Como señala Bauman (2008), vivimos en un mundo de violencia legitimada. El Estado se ha arrogado el derecho a trazar el límite entre la coerción tolerable y la intolerable, derecho que es el objetivo de toda lucha por el poder. Históricamente, se nos ha negado el derecho a resistirnos a esa coerción, a cuestionar sus motivos, actuar en consecuencia o a exigir compensación. Alegando un “interés común”, el “proceso civilizador” consiste en hacer irrelevantes e inválidos los intentos de lucha, reduciendo al mínimo o eliminando por completo la posibilidad de disputar el límite entre la coerción legítima y la ilegítima fijado por el Estado.

Al interiorizar estos límites impuestos, vivimos permanentemente oprimidos y cegados a la condición de nuestra existencia, hemos naturalizado la violencia al grado que perdemos de vista que una vez que los actos “socializadores” son despojados de su envoltura conceptual, no queda nada que permita distinguir una trasgresión física de una que nos impone formas de vernos a nosotros mismos y al mundo. Tan es así, que hemos abandonado nuestra tendencia a ofrecer resistencia y nos hemos habituado ciegamente a compartir el mundo con aquellos que nos someten.
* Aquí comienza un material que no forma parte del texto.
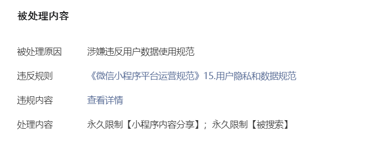 现被告知,由于用户举报,涉嫌违反用户数据使用规范,被禁止搜索和分享,

En el contexto escolar, como en todo ámbito de relación humana, se encuentran inmersas formas de relación legitimadas basadas en el poder y el sometimiento. Al respecto, Huerta (2008) plantea que la escuela, a pesar de alegar neutralidad, es un espacio reproductor de una estructura social demandante, ejecutora de poder, violenta e imposibilitadora de la igualdad social. De esta forma, las acciones pedagógicas que tienen lugar en la escuela logran interiorizar en los niños el orden externo en función de la clase dominante y de la arbitrariedad cultural mostrada como legítima. Se educa a los alumnos para reconocer a un poder impuesto, dominante y excluyente, representado por el profesor, los directivos de la institución o cualquier autoridad pedagógica. Es decir, todos aquellos avalados por el sistema social como los conocedores y los legítimos poseedores de la autoridad para evaluar, señalar y segregar. De este modo, la estructura de la escuela es un sustituto de la coacción física, pues impone un modelo social y cultural y además hace sentir, a través del ejercicio del poder y la violencia simbólica, superiores e inferiores a los individuos (Huerta, 2008).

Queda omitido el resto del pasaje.